In Silverman's Arithmetic of Elliptic Curves (page 95), it says
Letting $T \in E$ [an elliptic curve] with $[m]T' = T$, there is similarly a function $g$ satisfying $$\text{div}(g) = [m]*(T) - [m]*(\mathcal{O}) = \sum_{R \in \text{the m-torsion}} (T' + R)-(R)$$
I know that $[m]T$ refers to multiplication by $m$ (addition $m$ times), and (.) refers to the point as a divisor, but what does $[m](T)$ mean?
Silverman's notation here is $[m]^*(T)$ not $[m]*(T)$ and not $[m](T)$.

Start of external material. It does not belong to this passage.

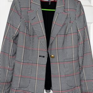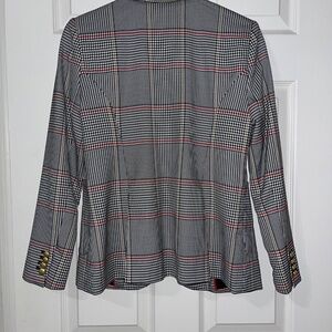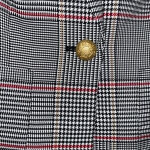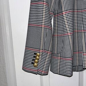 Court & Rowe Houndstooth Plaid Single Button Blazer. Black, red and white. Pleated back. Single gold button closure. 2 front pockets. Gold buttons on sleeves. No signs of wear.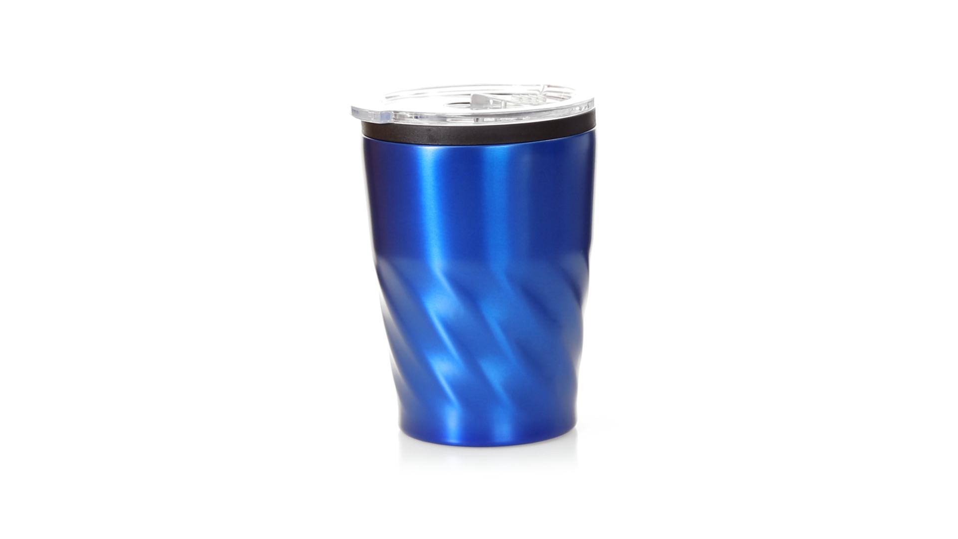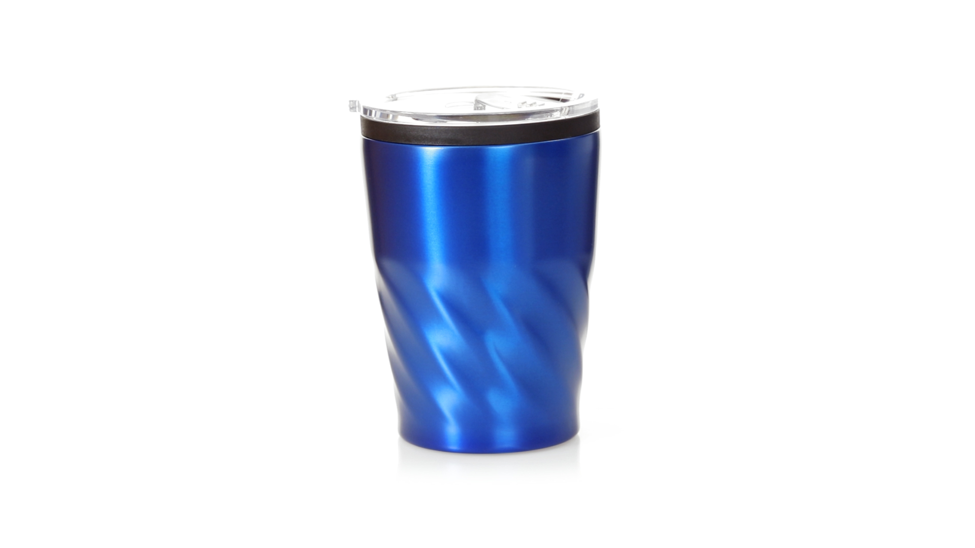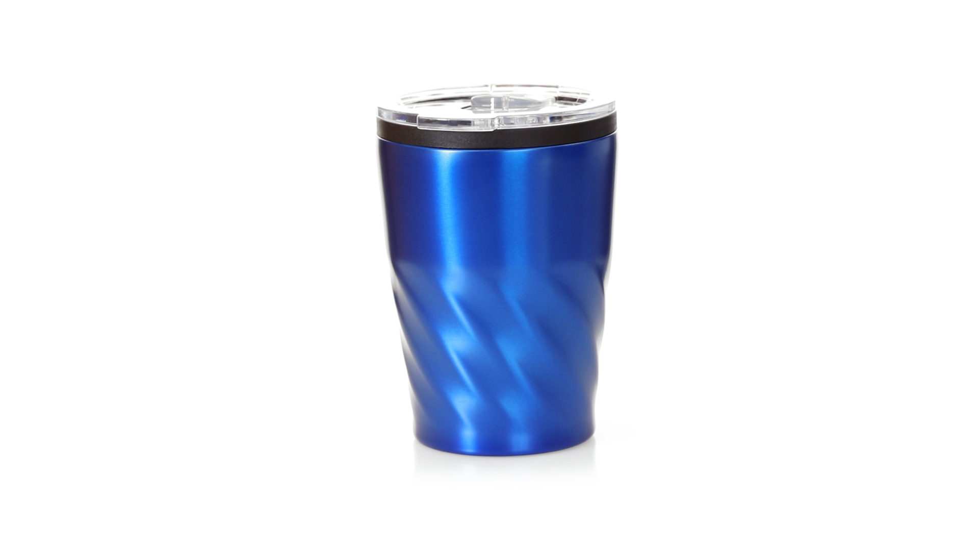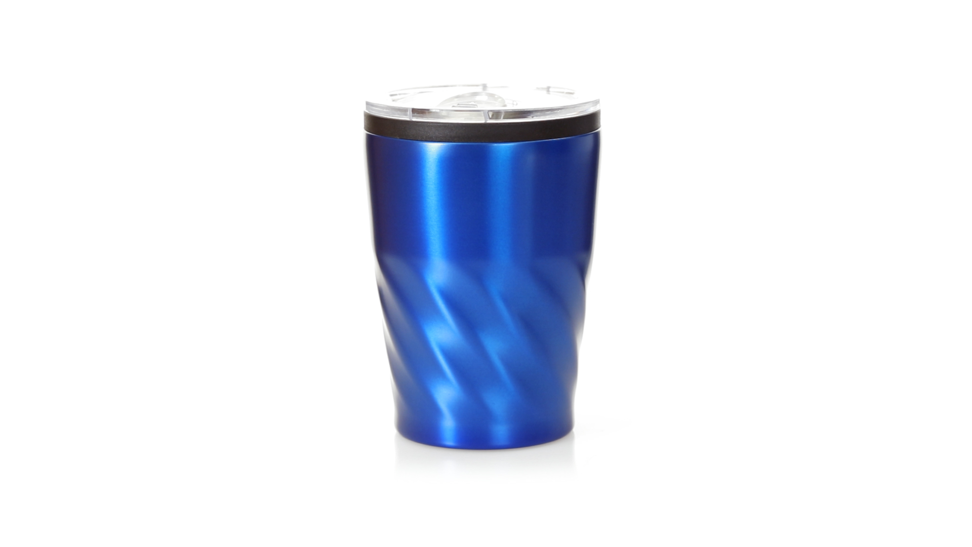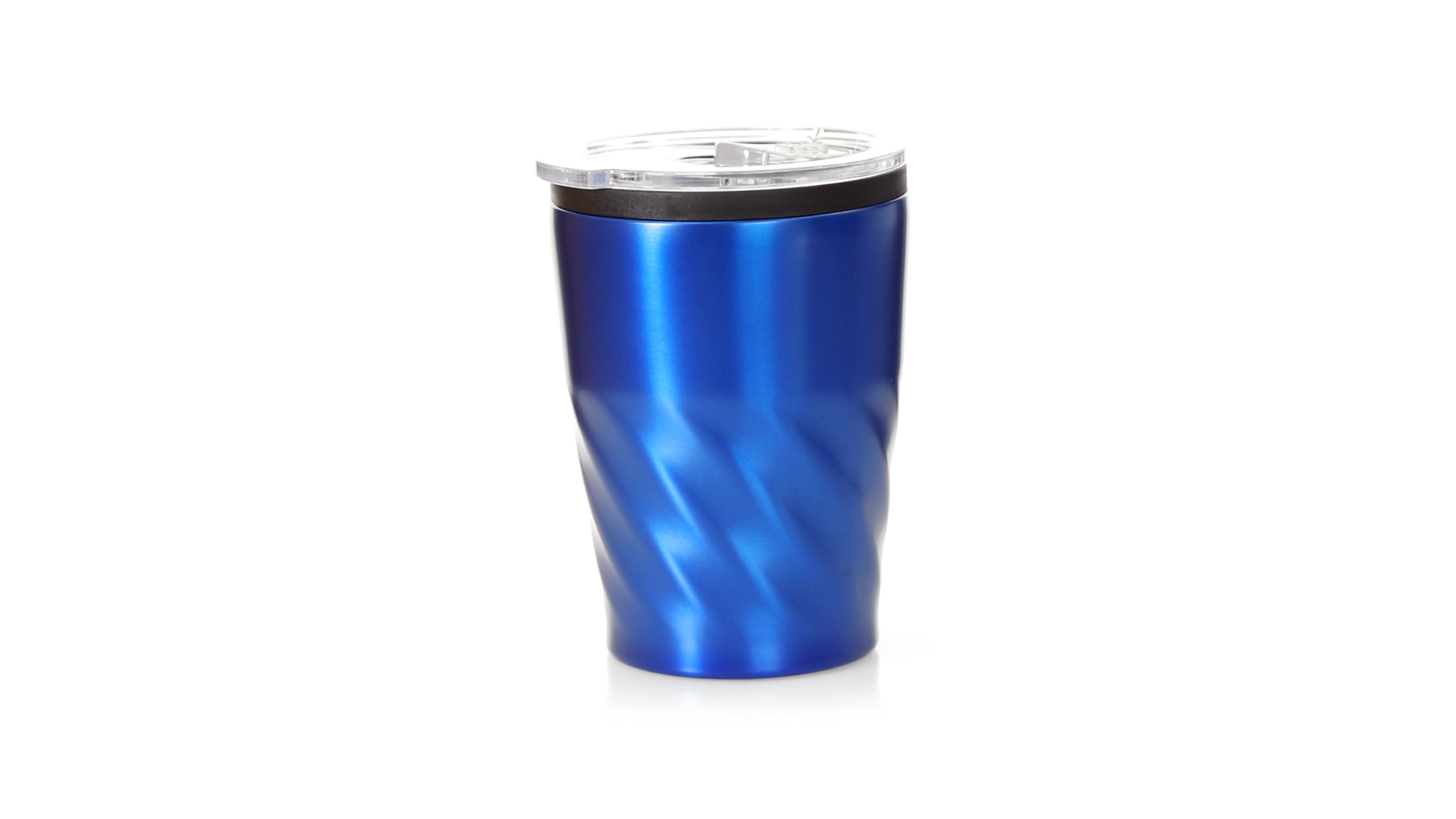 Trinkbecher aus rostfreiem Stahl mit einem Fassungsvermögen von 350 ml. Konisches Design mit schwarzem Ring. Mit origineller transparenter Spenderkappe und Easy-Opener. Es ist ideal für Ihren Schreibtisch, Tisch oder jede andere Oberfläche, auf der Sie in Ruhe Ihr Lieblingsgetränk geniessen können.

Here $[m]$ is the "multiplication by $m$" map from $E$ to $E$ and $[m]^*(T)$ is the pullback operator on divisors induced by $[m]$. For a separable isogeny $\phi$, then by definition (earlier in the book) $\phi^*(P)$ is the sum of $(Q)$ over the $(Q)$ for which $\phi(Q)=P$. So $[m]^*(T)$ here is the sum of the $(U)$ with $[m](U)=T$. These are the $T'+R$ for one fixed $T'$ with $[m](T')=T$ and $[m](R)=O$, as stated in the given formula.